Mi voto

Hace algo más de 4 años, el 15 de mayo del 2011, algo crujió en España. La gente, entre ellos yo, estábamos ya muy hartos.  Hartos de lo que llamaban hasta entonces la “clase política”. Después, alguien supo ponerle un alias más acertado: la “casta”.

La definiría con estas características:

  1. Cero empatía con el sufrimiento de la sociedad
  2. Total impunidad para hacer o deshacer a su antojo
  3. Lejanía absoluta respecto los problemas reales de la gente
  4. Corrupta como medio de funcionamiento
  5. Manipuladora de los medios de información
  6. Incapaz o con insuficiente formación para los puestos que ocupan en muchos casos
  7. Apoyo a los grandes poderes económicos
  8. Se perpetúa con ingresos públicos o salta a la empresa privada como alto cargo

 

Era un sentimiento común de rabia y condena hacia el status quo. Una emoción. Una ambición genuina por cambiar las cosas de raíz. Incapaz de aceptar cualquier arreglo estético. Una seguridad en merecernos algo más. Era, como bien se dijo, una voluntad por más y mejor democracia.

Bien, pasado el 15M llegaron las generales en noviembre de ese mismo año y con ellas el PP al poder. Parecía que ésto del 15M habían sido cuatro locos radicales, cómo dijeron los medios. Aunque algunos otros enseñaban interesantes encuestas. Éste, por ejemplo, hablaba que un 72% de los encuestados estaba a favor de las ideas del 15M. Algo raro estaba pasando.

Ya no había un horizonte electoral próximo hasta 2014, así que pasaron los meses, los recortes, las subidas de impuestos, los casos de corrupción, los SMS a Bárcenas… así hasta llegar a ese 2014. Fue entonces cuándo algunos decidieron hacer caso a los que les pedían que se presentaran a las elecciones. Y así fue en las europeas, contra todo pronóstico, 1.253.837 votos. Un inesperado 7,98%.

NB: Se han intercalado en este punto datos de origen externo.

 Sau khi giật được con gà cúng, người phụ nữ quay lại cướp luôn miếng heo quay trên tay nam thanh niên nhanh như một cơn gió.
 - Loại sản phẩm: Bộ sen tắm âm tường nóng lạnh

Entonces, el efecto bola de nieve y la aparición continua en TV hizo el resto. Podemos creció y creció. Empezaba a parecer como un partido con posibilidades de ganar y capaz de cambiar las cosas… así que el miedo empezó a cuajar en los sectores que realmente controlan éste país. Y con ello, empezaron los ataques. Todo ésto se puede ver más claramente aquí, mirando desde Mayo de 2014 (las europeas) hasta Diciembre (el auge) y de allí hasta Octubre (los ataques y la desaparición en los medios).

Y luego llegó, en cosa de dos/tres meses, de Octubre a ahora, la remontada. Hoy, la noticia es la cara de Merkel cuándo Rajoy le comenta que Podemos podría ser segunda fuerza.

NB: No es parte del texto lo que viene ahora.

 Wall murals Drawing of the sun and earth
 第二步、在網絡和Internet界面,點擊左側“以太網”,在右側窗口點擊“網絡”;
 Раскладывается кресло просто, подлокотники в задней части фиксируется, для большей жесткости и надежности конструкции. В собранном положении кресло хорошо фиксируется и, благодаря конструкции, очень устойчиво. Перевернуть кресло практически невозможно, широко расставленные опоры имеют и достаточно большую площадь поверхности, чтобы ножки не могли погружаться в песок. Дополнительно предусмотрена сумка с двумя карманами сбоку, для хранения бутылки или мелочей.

Este domingo las cosas pueden cambiar por fin. Han pasado casi 40 años que nos han servido para aprender qué queremos y qué no queremos. No olvidamos. Se huele cambio. Se huele esperanza y se percibe esa emoción que cuatro años antes, activaba este maravilloso mecanismo que es el progreso. Y si, algunos nos emocionamos con él.